There are still plenty keywords available just as there’s infinite number of English words in the dictionary. Although the company states that the One Buck Wiki is in its beta stage, they feel confident that they have just started to climb their peak, meaning they will exponentially grow.
A lot of users are also buying up keywords such as “2010 Olympics”, taking a long term view on their investment. One page on the One Buck Wiki currently costs $10. For every 1000 pages sold on the One Buck Wiki, price jumps by another $10. That means a $10 page bought today will be worth $20 when they have sold 2000 pages.
With over 1400 pages sold in the last month, the company forecasts they will sell out over 4000 pages by the end of the year.
The Internet Wiki buzz was originally started with the Million Dollar Wiki, which was an experiment to pay for school tuition by Graham Langdon, a former student in college. Graham has dropped out of school to pursue his new entrepreneurship at Web 2.0. People are now slowly realizing Wikis are becoming the untamed blue ocean of technology to filter out spam and create new communities where only great content can exist.
With tremendous community support behind the One Buck Wiki, the founders of One Buck Wiki think they can really go “buck wild” with this concept. Thanks to Graham Langdon’s lack of college funds, the internet world will start to experience Web 2.0 all over again, not with blogs but with the new Wiki sites.

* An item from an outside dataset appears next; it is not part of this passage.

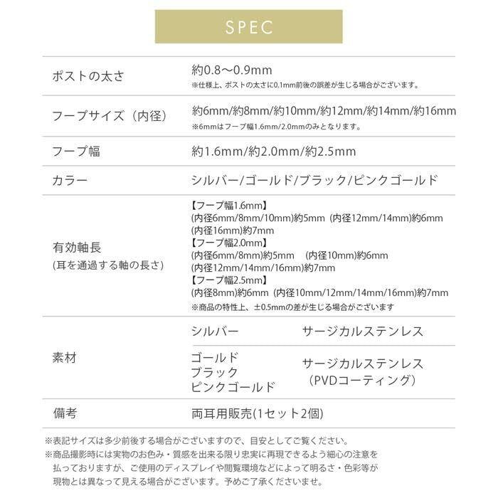 【素材】 シルバー:サージカルステンレス / ゴールド・ブラック・ピンクゴールド:サージカルステンレス(PVDコーティング)

Although blogs have proliferated with free services like Google’s Blogspot and free blog softwares like WordPress, Wikis have been only appealing to experienced users familiar with the wiki syntax.
“We foresee a massive growth in Wiki communities as seen with new Wiki sites such as Malaho, a human-powered search engine driven by blog pioneers like Jason Calacanis,” says One Buck Wiki founder, Max Lee.
The difference between Wikis and a blogs are very subtle. Wikis allow thousands of users to edit a page simultaneously, while a blog simply serves a few authors. While blogs have been growing exponentially over the last couple years, Wiki sites such as One Buck Wiki, might become the next contender among the buzz makers.